5. The big data based application failure prediction method according to claim 2, wherein collecting a plurality of historical failure data at a plurality of historical moments in the application failure period to be predicted includes:

the method comprises the steps of collecting historical fault data of fault time when an application to be predicted breaks down, collecting historical fault data of a plurality of historical time points of a first preset time period before the fault time, and collecting historical fault data of a plurality of historical time points of a second preset time period after the fault time, wherein the fault comprises at least one of application running, process blocking and process absence, and the historical fault data comprises at least one of central processing unit utilization rate, memory occupation, disk input and output utilization rate, garbage collection single-time data and garbage collection period data.

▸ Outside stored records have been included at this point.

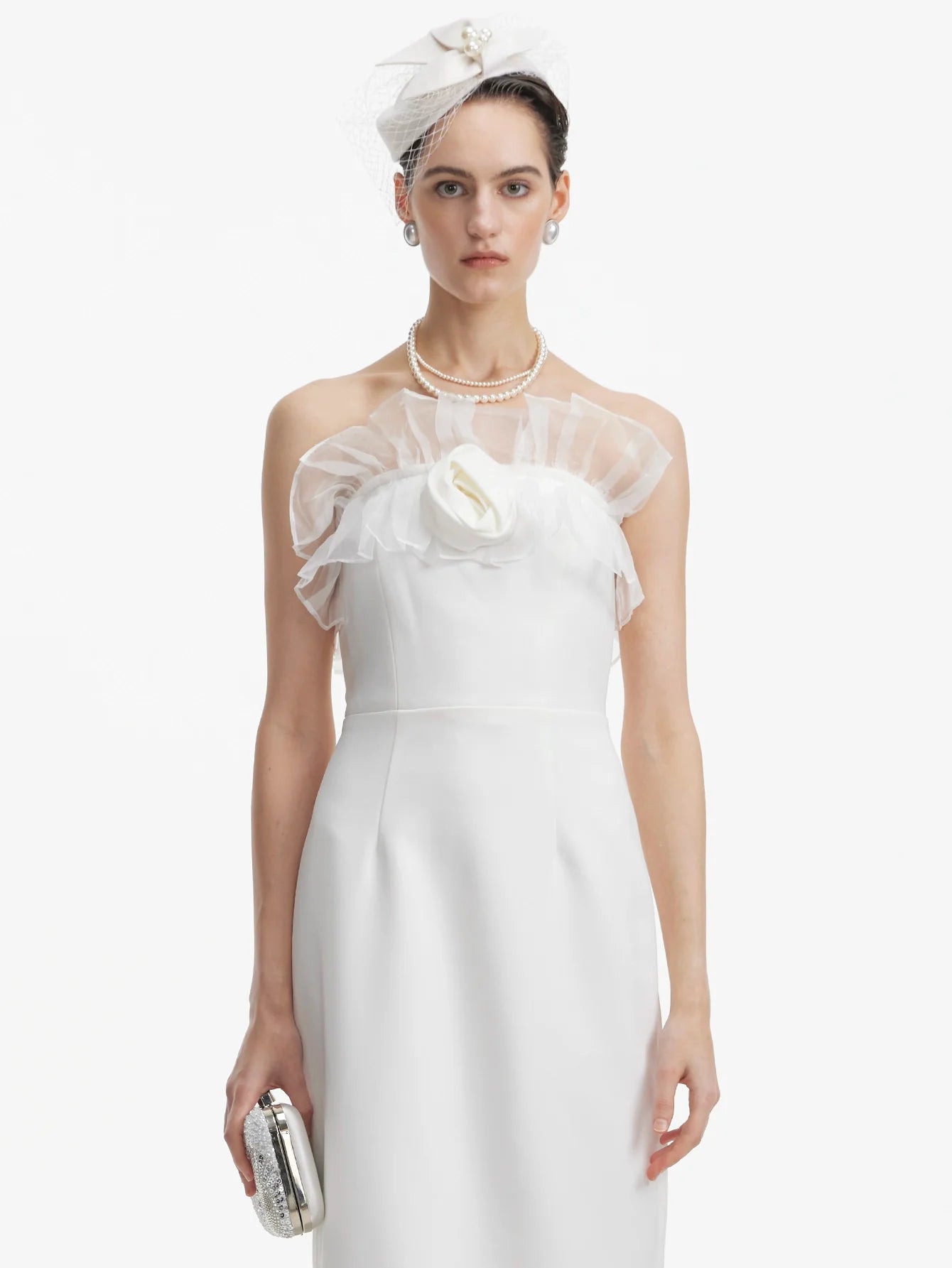 28% İndirimJazlyn Beyaz Çiçekli Dantel Midi Elbise
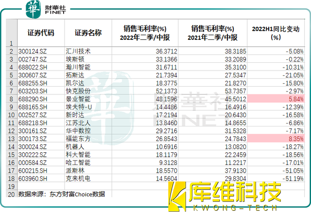 而由于原材料成本上漲,今年上半年各主要工業(yè)機(jī)器人廠商的毛利率普遍同比下降,只有兩家企業(yè)的毛利率同比上升。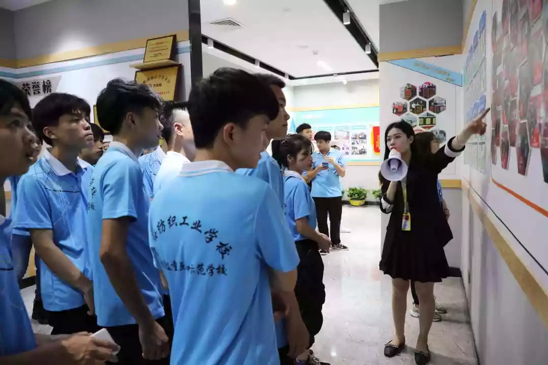 人資部經(jīng)理劉高才、主管黃丹丹帶領(lǐng)紡織工業(yè)學(xué)校學(xué)生參觀文化長廊,向?qū)W生們介紹公司企業(yè)文化理念、組織架構(gòu)、服務(wù)理念、企業(yè)榮譽(yù)、員工關(guān)懷等方面內(nèi)容,讓學(xué)生們對公司的企業(yè)文化有更深的了解。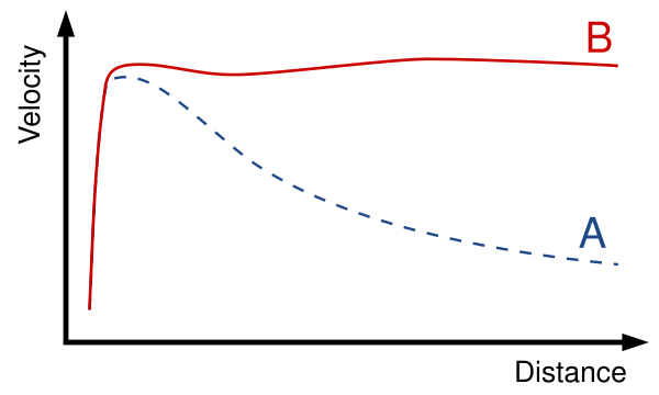 - Проблема вращения галактик: отвечает ли тёмная материя за различия наблюдаемой и теоретической скорости вращения звёзд вокруг центра галактик или это что-то ещё?
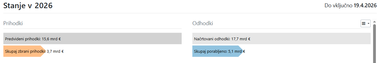 Stanje 19. april 2026: 1,4 milijarde evrov primankljaja

6. The big data based application failure prediction method of any of claims 1-5, wherein training a pre-set base prediction model with the training data set comprises:

predicting each history log data in the training data set through the preset basic prediction model to obtain an initial prediction result, wherein the initial prediction result comprises at least one initial fault result at a prediction moment, and the prediction moment is later than the history moment of the history log data;

determining a target loss function according to the labeling result of each history log data and the initial prediction result;

and training the preset basic prediction model according to the target loss function.

7. The big data based application failure prediction method of claim 6, wherein the initial prediction results include initial failure results at least two prediction moments, and the application failure prediction model is used to predict failure prediction results of at least two future moments of the application to be predicted in a future time period.

8. An application failure prediction apparatus based on big data, the apparatus comprising:

the acquisition module is used for acquiring current log data of the application to be predicted;

the result prediction module is used for inputting the current log data into an application fault prediction model to obtain a fault prediction result of the application to be predicted;

the model training module is used for collecting the historical log data of the plurality of historical moments of the application to be predicted, and labeling the historical log data to obtain labeling results of the historical log data, wherein the labeling result of at least one of the historical log data is a fault, the labeled historical log data is used as a training data set, and the training data set is used for training a preset basic prediction model to obtain an application fault prediction model for predicting the fault prediction result of the application to be predicted in a future time period.

9. An application failure prediction apparatus based on big data, the apparatus comprising:

one or more processors;

storage means for storing one or more programs which, when executed by the one or more processors, cause the apparatus to implement the method of any of claims 1 to 7.

10. A computer-readable storage medium, having stored thereon a computer program which, when executed by a processor of a computer, causes the computer to perform the method of any of claims 1 to 7.